Google, Facebook, Skype, YouTube also tapped by US government

The Director of National Intelligence has denounced the leaks of highly classified documents that revealed the programs.

MOVING TO STAMP down a public uproar spurred by the disclosure of two secret surveillance programs, the nation’s top intelligence official is declassifying key details about one of the programs while insisting the efforts were legal, limited in scope and necessary to detect terrorist threats.

Director of National Intelligence James Clapper, in an unusual late-night statement, denounced the leaks of highly classified documents that revealed the programs and warned that America’s security will suffer. He called the disclosure of a program that targets foreigners’ internet use “reprehensible,” and said the leak of another program that lets the government collect Americans’ phone records would affect how America’s enemies behave and make it harder to understand their intentions.

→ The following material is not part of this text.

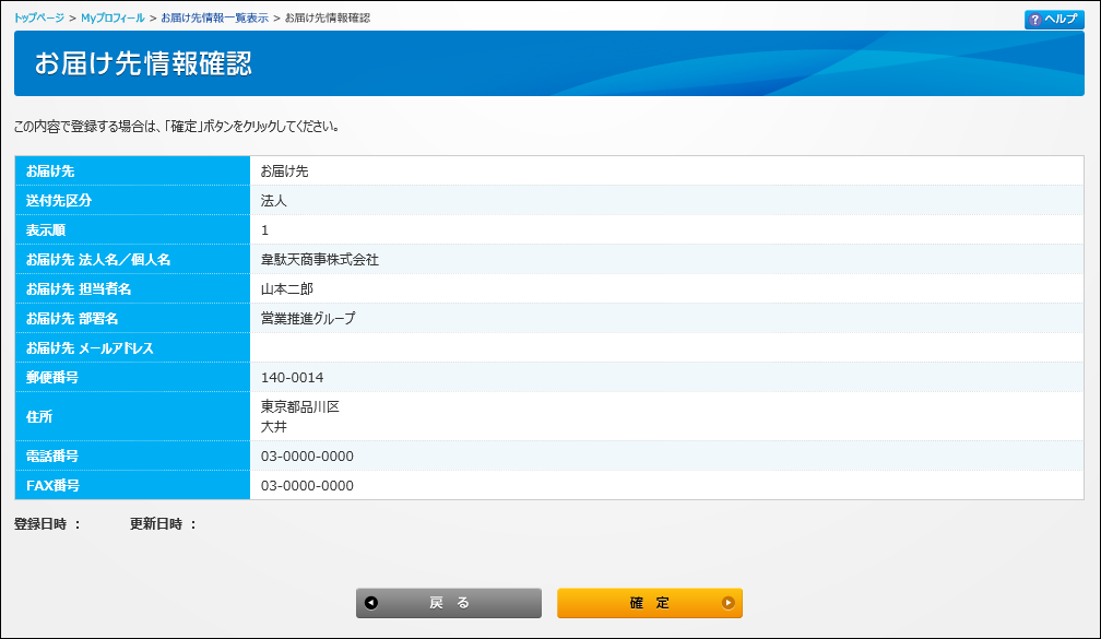 5・お届け先情報登録確認の画面が表示されます。入力内容を確認したら、「確定」ボタンをクリックします。

His statement comes as The Guardian reveals that the National Security Agency had also obtained direct access to the systems of Google, Facebook, Apple and other US internet giants.

Google, Facebook, Apple

At the same time, he offered new information about both programs, saying he wanted to correct the “misleading impression” created by out-of-context news articles even as he acknowledged that publicly discussing the programs comes with inherent security risks.

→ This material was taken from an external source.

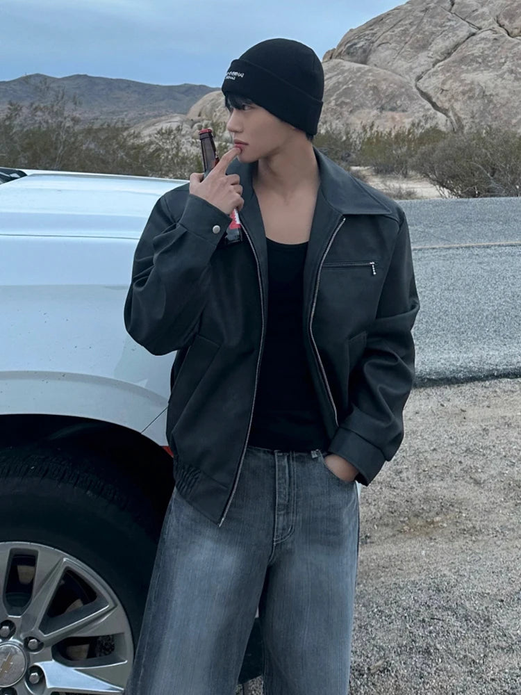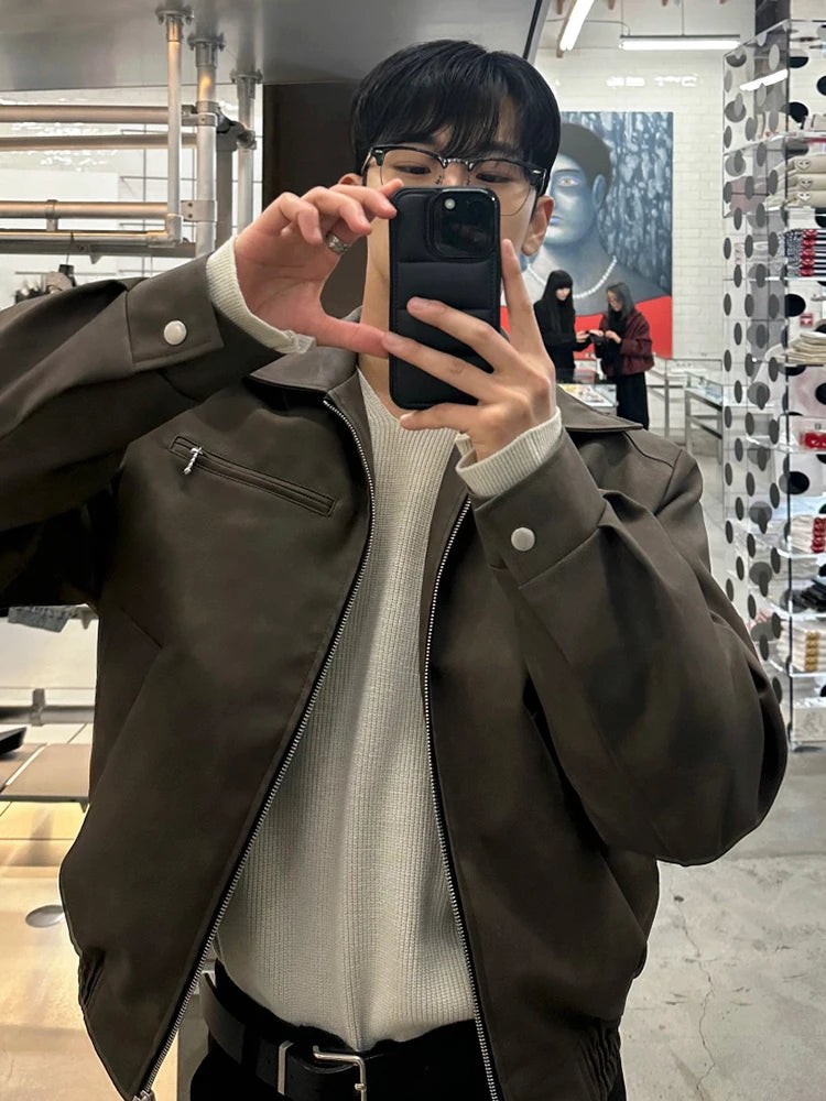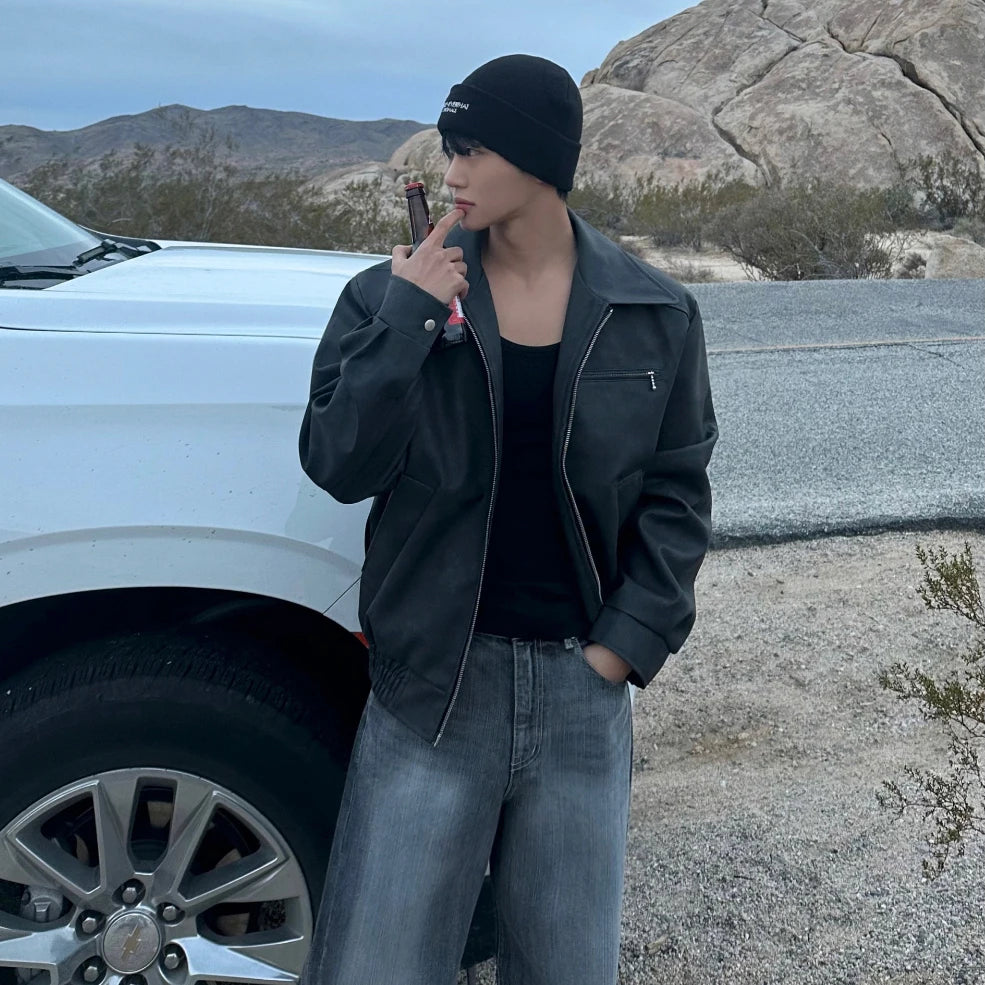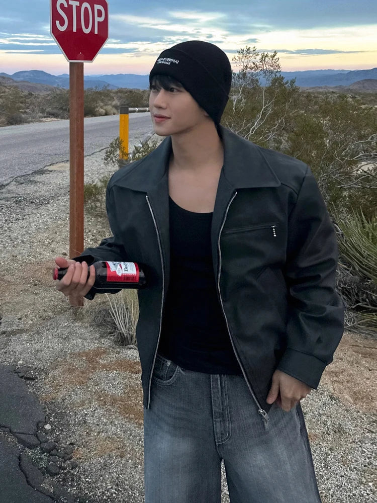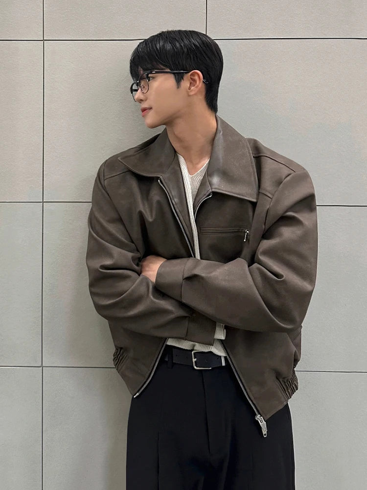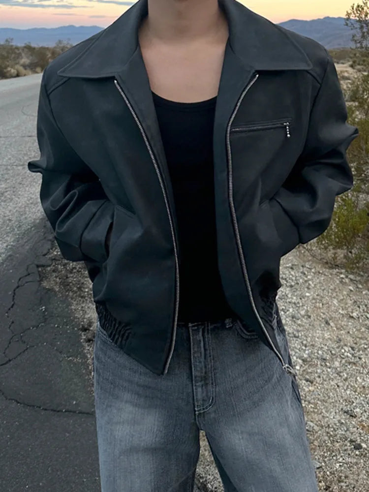 WIAOFELLAS - Korean Style Men's Jackets PU Leather Solid Color Turn-down Collar Loose Menswear Casual Zipper Male Coats 2025 Spring

Only 24 hours after the phone records program’s existence was first revealed publicly, Clapper took the rare step of declassifying and publicly releasing details about the authority used to authorize it, including that it’s reviewed by a special court every three months and that the data collected can only be culled when there’s reasonable suspicion — backed by facts — that the information is connected to a foreign terrorist group.

The Obama administration’s defense of the two programs came as members of Congress were vowing to change a program they voted to authorize and exasperated civil liberties advocates were crying foul, questioning how President Barack Obama, a former constitutional scholar who sought privacy protections as a US senator, could embrace policies with strong echoes of President George W. Bush, whose approach to national security he had vowed to leave behind.

Policies echo President George W. Bush administration

At issue were two National Security Agency programs that came to light late Wednesday and Thursday after highly classified documents were leaked to the media.

A top-secret court order, first disclosed by the Guardian newspaper in Britain, requires the communications company Verizon to turn over on an “ongoing, daily basis” the records of all landline and mobile telephone calls of its customers, both within the US and between the US and other countries.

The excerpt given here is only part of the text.